Когда мне было семь лет, мы все вместе – ты, я и мама – ездили на Черное море. Боже, как давно это было! Но последнее время я почему-то очень часто вспоминаю одну сцену. Мы плыли на пароходе. Был прекрасный день. Светило солнце. Я сидела на палубе, крепко держась за поручень, и смотрела на воду. «Мишель, осторожно, не упади», – услышала я твой голос и обернулась. Ты, улыбаясь, шел ко мне. Я была поражена тем, что твои глаза, обычно ярко-голубые, стали прозрачными. Может быть, потому, что в них отражались перламутровые волны. И на меня вдруг нахлынуло ощущение безграничного счастья. «Папочка, у тебя глаза, как янтарики», – сказала я. «Глупая, – засмеялся ты. – Разве янтарь бывает голубого цвета? Вот поедем в Прибалтику, я куплю тебе янтарные бусы, и тогда ты узнаешь, что этот удивительный камень может иметь миллионы цветов и оттенков – почти от белого до темно-коричневого. Но только вот голубого янтаря не бывает».

Когда мне становится невыносимо одиноко, я всегда вспоминаю тот день.

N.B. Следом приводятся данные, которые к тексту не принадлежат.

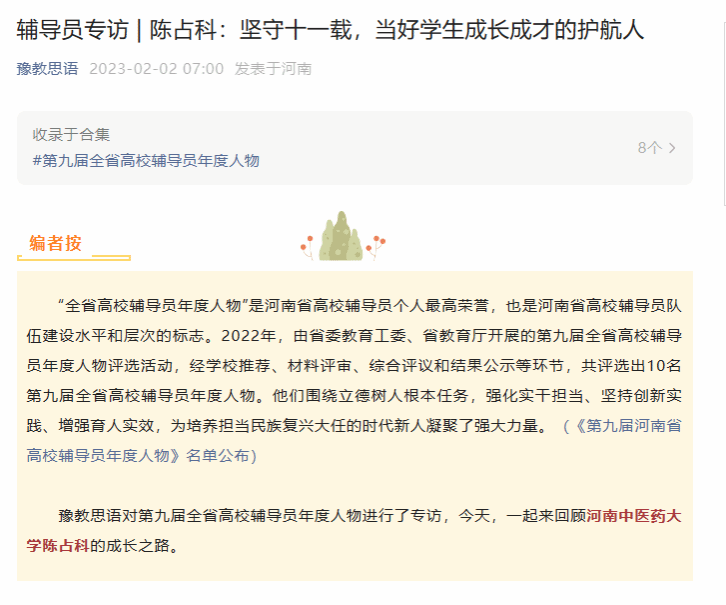 豫教思语丨辅导员专访 | 陈占科:坚守十一载,当好学生成长成才的护航人

Интересно, хотя бы еще раз в жизни я услышу эти слова: «Осторожно, Мишель, не упади»? А так у меня все по-прежнему – много работаю, иногда ввязываюсь в короткие более или менее романтические приключения. Кстати, в Прибалтику мы с тобой почему-то так никогда вместе и не съездили. И я теперь думаю: а вдруг голубой янтарь все-таки существует? Только в очень ограниченном, или, как сейчас говорят, лимитированном количестве? И на всех его, увы, не хватает…


2009 год

Мне скоро тридцать. Пора подводить итоги. И я начну свое письмо с конца, с той фразы, которую должна была написать последней. Папа, я хочу с тобой помириться. Я не могу дальше жить вдали от тебя. Я все решила. Третьего сентября позвоню и скажу: «Прости меня, папа, за то, что меня не было рядом с тобой так долго, эти бесконечные десять лет. Прости, что я не познакомилась с твоей новой женой – милой, слишком современной девушкой. Прости за то, что я не была на крестинах своего брата. Он, наверное, забавный? Знаешь, раньше мне казалось, что десять лет – это так много. Что за эти годы столько всего произойдет! И что в тридцать лет у меня все будет по-другому. Во-первых, я выйду замуж. Во-вторых, рожу ребенка, может быть, даже не одного. В-третьих… Если честно, то именно это надо было писать первым пунктом. В общем, мне казалось, что к тридцати годам я стану известной художницей, и мои выставки пройдут по всему миру. Но сейчас я оглядываюсь назад и понимаю, подобную мечту за меня придумали другие люди: ты, мама, друзья, знакомые… Никто не сомневался, что с твоей помощью именно так все и будет. В крайнем случае я стану хозяйкой художественной галереи и буду продавать картины самых модных художников. Нет, про такой план никто вслух не говорил, но он подразумевался на тот случай, если мне вдруг надоест часами напролет стоять возле мольберта. Смешно… Я написала все это, перечитала и сама поняла – какая глупость! Никто не знает, что произойдет с ним не только через десять лет, но даже через десять секунд. Извини, папа, я должна заканчивать свое письмо. Впрочем, больше все равно писать нечего. В личной жизни все тоже самое – архитектор безуспешно лечится от равнодушия, случайные поклонники появляются и исчезают, секс-партнеры очень быстро превращаются в друзей. Правда, однажды мне показалось, что мужчина имеет все шансы на то, чтобы никогда не стать для меня просто еще одним «хорошим другом». Но очень быстро выяснилось, что я снова ошиблась. К тому же он женат. А подобная история не для меня. Да, ты всегда умел присвоить себе номер один, даже в жизни нескольких женщин одновременно. А мне в этом намечающемся сюжете сразу был присвоен второй номер. Так что, как говорится, без вариантов.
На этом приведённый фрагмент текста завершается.